Australia can weather a slump in mining investment as low interest rates and infrastructure spending spur other industries, while Japan could return as the nation’s biggest trading partner, economist John Edwards said.
Replacing 2 percent to 3 percent of gross domestic product with non-mining sources of growth over five to six years will be “onerous but not difficult,” the Reserve Bank of Australia board member wrote in a paper for the Lowy Institute titled “Beyond the Boom.” A lower Aussie would also help, he said.
The assessment is in part a rejoinder to debate on the economy that’s often based on a false premise of failure, Edwards said, with pessimism reflecting an historic reliance on drought-prone farm output. Extension of Australia’s economic expansion, which began before the fall of the Soviet Union, will depend on individuals and businesses in areas like services discovering how to tap opportunities in Asia, he said.
“In half a century of increased trade with Japan and then Korea, Australia has been unable to substantially expand its exports beyond raw materials,” Edwards said. “The emergence of an Asian economic community based around China now offers Australia a second chance.”
Edwards rebuffs assessments that Australians squandered the latest mining boom, saying they saved much of the windfall from higher commodity prices and mining spending only added 3 percent to real gross domestic product anyway. The non-resident fellow at Lowy said the GDP gain had been “big, but as a change over eight years it is not that big.”
China surpassed Japan as Australia’s biggest trading partner in 2009 as its demand for iron ore to produce steel for construction led to a jump in prices for the commodity. Edwards sees a chance for that to reverse should the relative size of Australia’s China and Japan liquefied natural gas markets be sustained through 2017-18.

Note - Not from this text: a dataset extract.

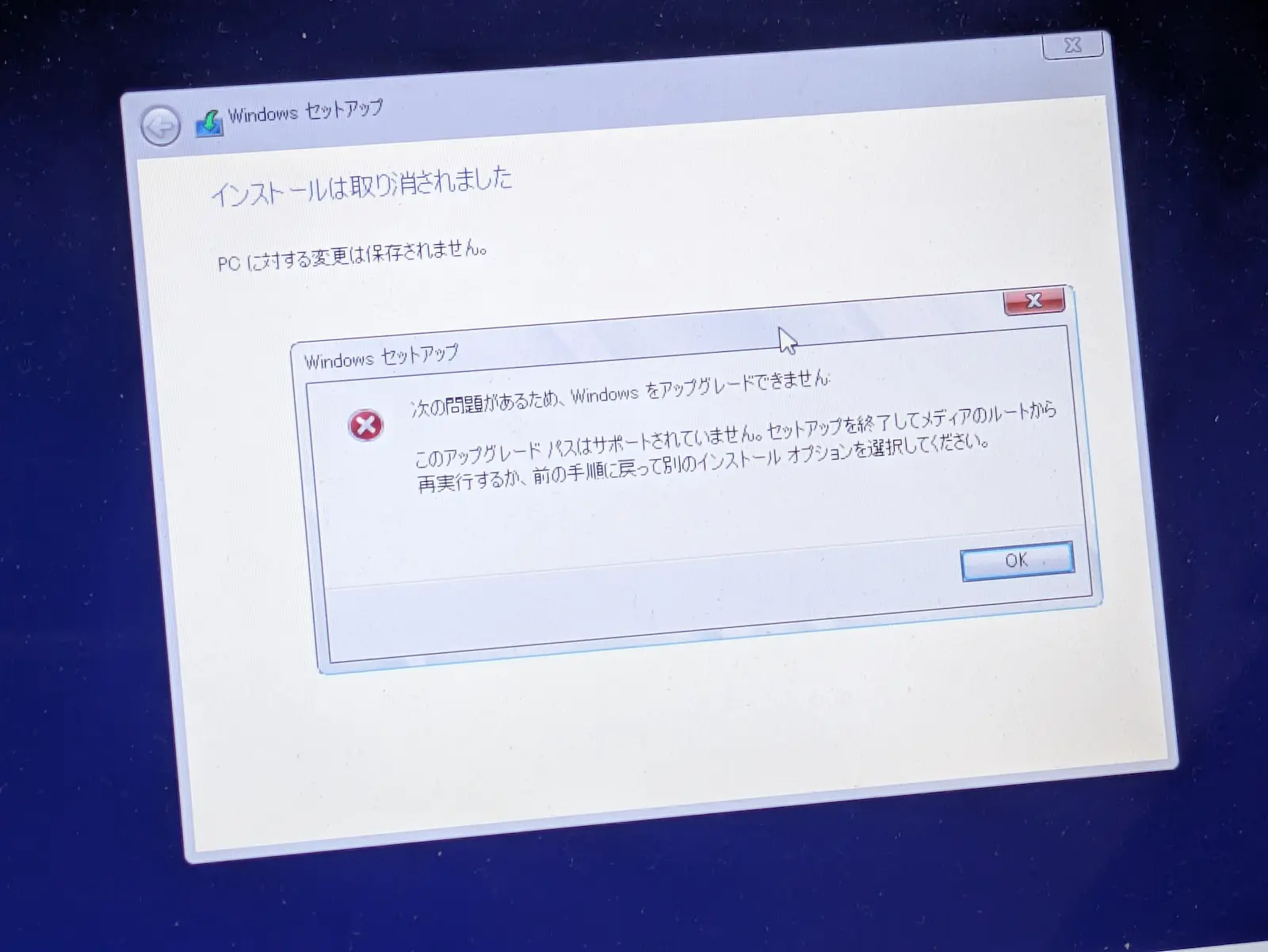このアップグレード パスはサポートされていません。セットアップを終了してメディアのルートから再実行するか、前の手段に戻って別のインストールオプションを選択してください。

“It is possible that by 2017 Japan may again be Australia’s single biggest customer for goods and exports,” he said. Gas production and exports will also be important for “the revenue streams they provide for the Commonwealth and state governments,” he said.
Edwards’s immediate concern is the state of government finances, and he spends some time unraveling the contradiction between a country that has expanded for almost 23 years that is still unable to control its budget.
He said the fiscal deterioration is “startling, serious and of major public policy consequence,” adding that it materially contributed to the Labor government’s defeat, hurt the reputation of its then treasurer and hampers his successor.
He is skeptical about Treasurer Joe Hockey’s plans to cap spending for the next decade, saying at least half of the budget repair will come from higher tax revenue because that is the main source of the problem. Slowing pension and health spending will also be a “lively debate,” he said.
Edwards rejected the notion that Australia abandoned reform during the mining boom, citing the introduction of a goods and services tax to ensure states had sufficient revenue, a national industrial relations system and improved quality of education. He noted that in the decade to the third quarter of 2013, 2 million long-term migrants moved to Australia, increasing the population by a tenth.
Edwards said the economy’s resilience and flexibility could be strengthened by improving the quality of the bureaucracy and teachers, and better leadership in government and business. Yet he stressed the biggest influence will be the career choices of young people.
“Australia has not been living in fool’s paradise during the mining boom, it has not been complacent, it has not wasted its endowment,” he said. “With reasonable care, with attention to its strengths, with a lively interest in the opportunities opened by the growth of Asia, it will continue to do well.”